Bully for this honest African self-criticism. But you should only believe half of it. Yes it’s true of Somalia and the Congo and perhaps another dozen African countries. But it is rapidly becoming an outdated caricature, as Mufuruki should know from the rapid progress of his own country since it turned its back on the socialist ideals of its founding father, Julius Nyerere. Last month John Lipsky, the ex-Wall Street banker and now the International Monetary Fund’s deputy managing director, whilst visiting Mali, said he expects the average rate of growth for sub-Saharan Africa to be 6 percent next year.
In fact we have had an inkling of this good news for over twenty years now — that’s when the Ivory Coast hit 7 percent growth and stayed there — until its president, the grand old man of Africa, Felix Houphouet-Boigny, died in 1993 and the country fell apart into ethnic feuding. Botswana was also a great success, becoming for a while in the 1990s the world’s fastest growing economy. It spent its money well and still does. Alas, the tragedy of AIDS hit it harder than elsewhere and knocked an enormous hole in the growth rate. Gradually it is now pulling itself out of it.
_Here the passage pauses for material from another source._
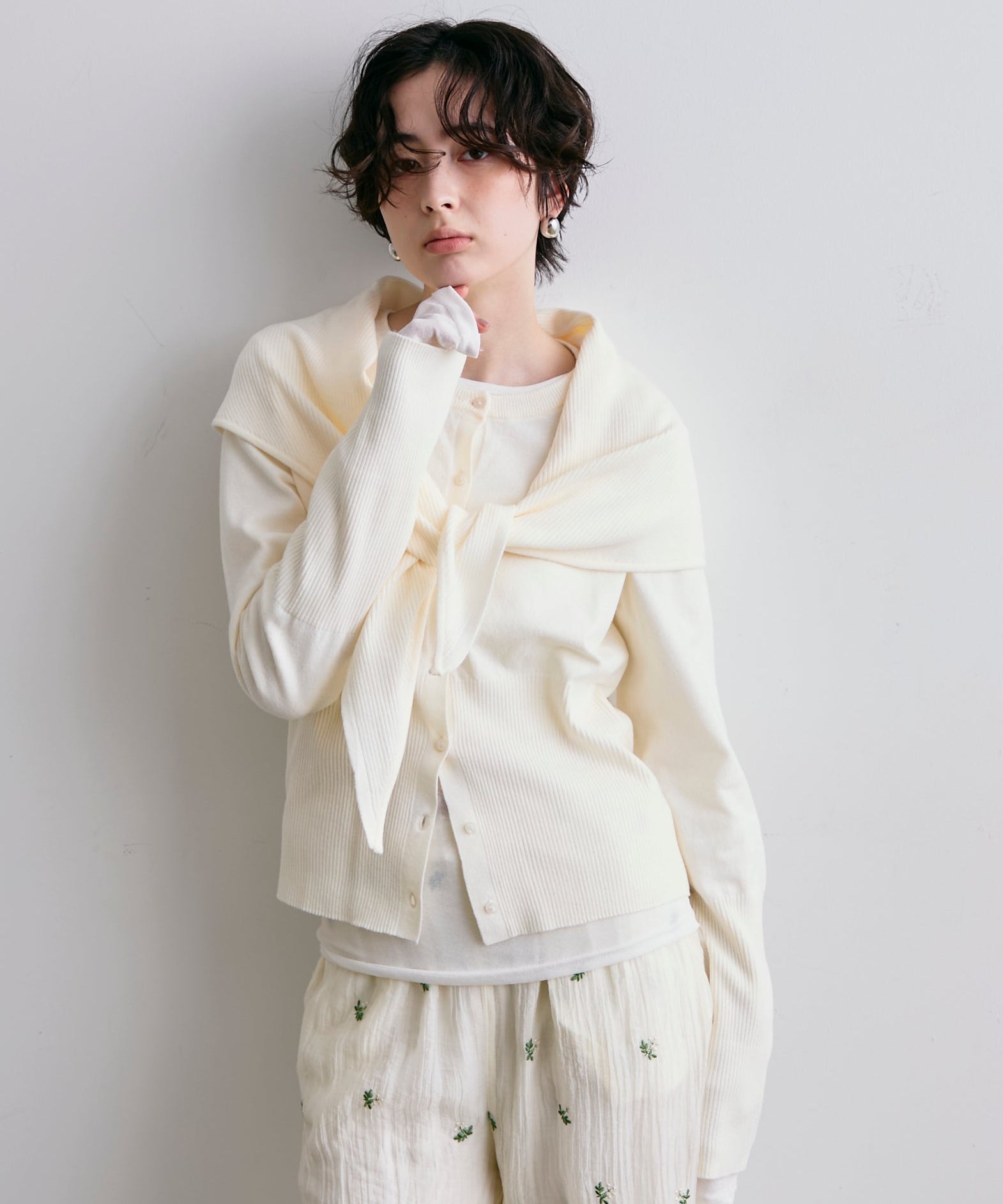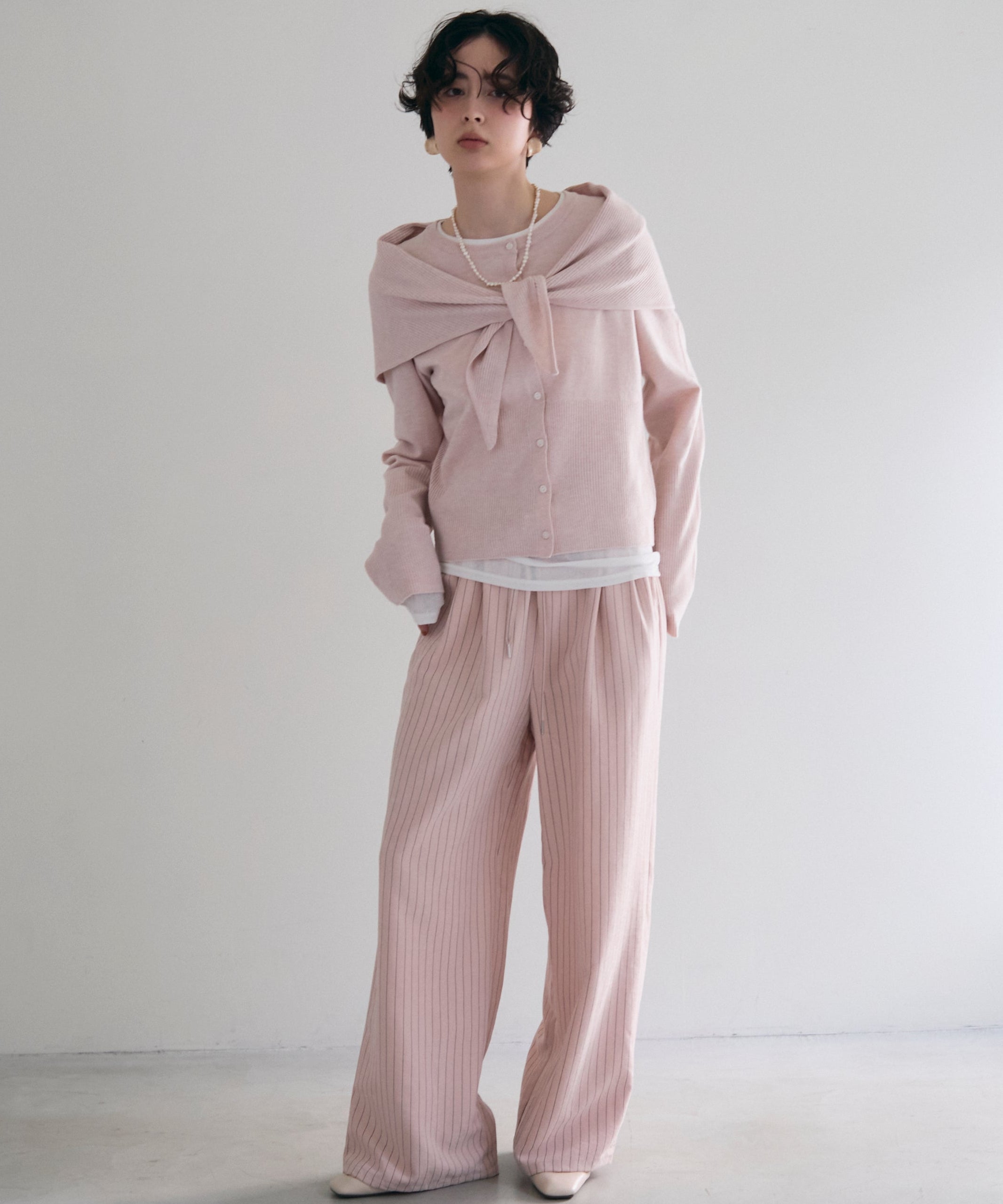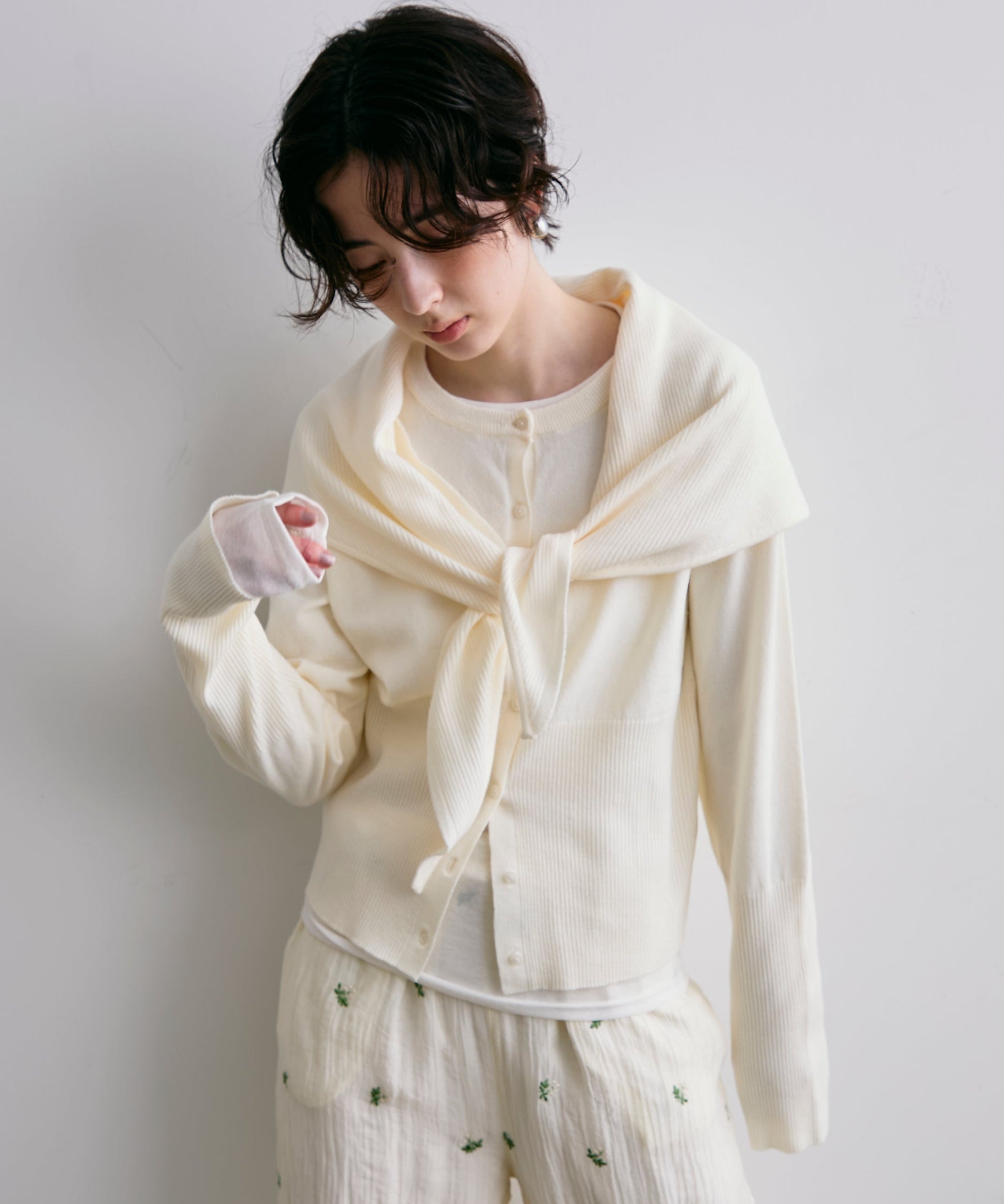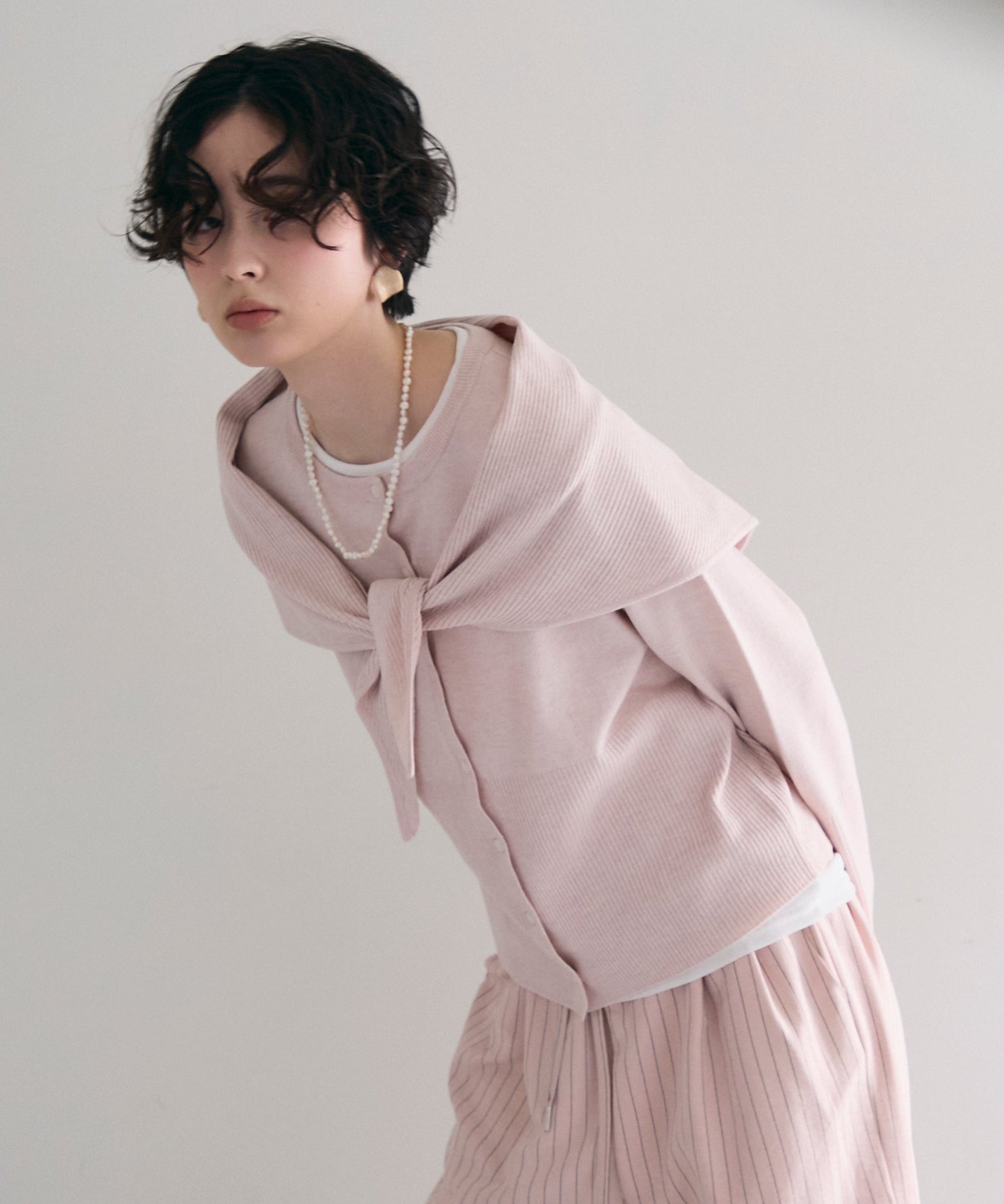 ストールは肩に掛けたり胸元や腰に巻いたりと、好みのアレンジを楽しめます。

The IMF’s latest “Regional Economic Outlook” makes the point if African countries can achieve an annual rate of growth of 7 percent they should be able to halve poverty by 2015. Tanzania itself is well on the road to such progress. In Nigeria, the continent’s most populous country, growth is a firm 7 percent. Despite the press reporting the country as an ongoing disaster with political feuding and deeply embedded corruption, it is getting on top of many of its problems — its macro economy is in balance and there is strong growth in the nonoil sector. In Angola, not very long ago the country on the continent most devastated by war, growth is nearly 16 percent a year and an increasing proportion of that growth is likewise coming from the nonoil sector and rising agricultural output. In Mozambique, another war-ravaged country where growth is now over 10 percent (without an oil sector), Tony Blair’s Commission for Africa report noted that poverty has been reduced from 80 percent of the population in the 1990s to around 50 percent today. Even in the war-torn Democratic Republic of the Congo the IMF believes now that the elections have been held and if the country can avoid a new round of civil war growth will be over 7 percent next year.
Although South Africa’s growth is a modest 4.2 percent it is an impressive rate by the country’s historical standards. It is Africa’s largest market, an increasingly important source of investment and a major driving force in the region. Its entrepreneurs have spread all over the continent — in Tanzania, for example, running telecommunication and airline companies. Its young black executives have been turning heads in Dar es Salaam.
It’s true that Africa has spent too much time since independence arrived making excuses and wasting its resources. But this laid-back, self-indulgent, attitude is undoubtedly metamorphosing into a something very different. There are no tigers in Africa, but watch the lions. I believe they will soon be roaring.